Text summarization using Transformers.
I wanted to create an abstractive text summarization app as a tool to help in university studies. Researched and tried various models for text summarization including LSTMS and RNNs etc. The output was okay enough from a project point of view but not good enough for actual use case. Hence I decided to go with Transformers which produce good enough summary for real world use case.I used T5, Pegasus Longformer2RoBerta, BART and LED . According to my tests the models surprisingly, Pegasus produced better output than the other two. Longformer2RobBerta should have been the best model as it is meant to be used for summarization of long documents but the output produced wasn't upto the mark. BART and LED also gave decentish outputs. Overall Pegasus provided a good abstractive summary
Also tried a few extractive based transformer models like BERT, GPT2, XLNet. The output was almost indistingushible from a human summary.

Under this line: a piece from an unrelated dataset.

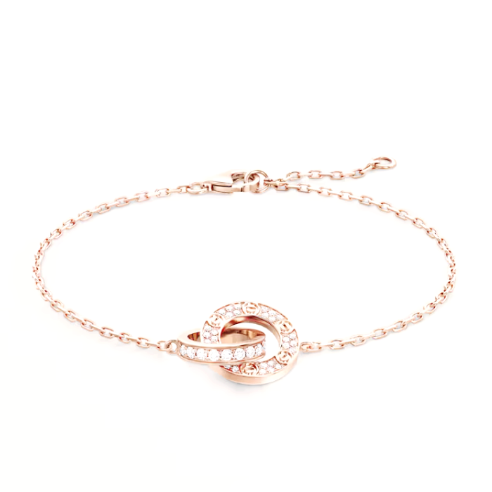 LOVE 브레이슬릿, 750/1000 핑크 골드, 총 0.22캐럿 브릴리언트 컷 다이아몬드 18개 세팅. 폭: 2.65mm. 내부 직경: 7.6mm. 조절 가능한 체인 길이: 160~180mm.

- 'src' directory contains 2 sub directories:
- 'abstractive' which contains notebooks for T5, Pegasus, Longformer2RoBerta, BART and LED abstractive summarization models.
- 'extractive' which contains BERT, GPT2 and XLNet extractive summarization models.
- 'prototype' directory contains a web app prototype created using Streamlit framework (Used T5) for testing purposes. To run it locally:-
- Git Clone repo
- Go to 'prototype' directory, open command prompt there and run 'streamlit run app.py'
These are the libraries and technologies used or will be used in the project.
- PyTorch
- Transformers Library
- Streamlit
- Flask (Work in Progress)
- Create a web app using Flask and host on cloud platforms for easy usage.
- Build a chrome extension for use in web site (More portable and faster than web app).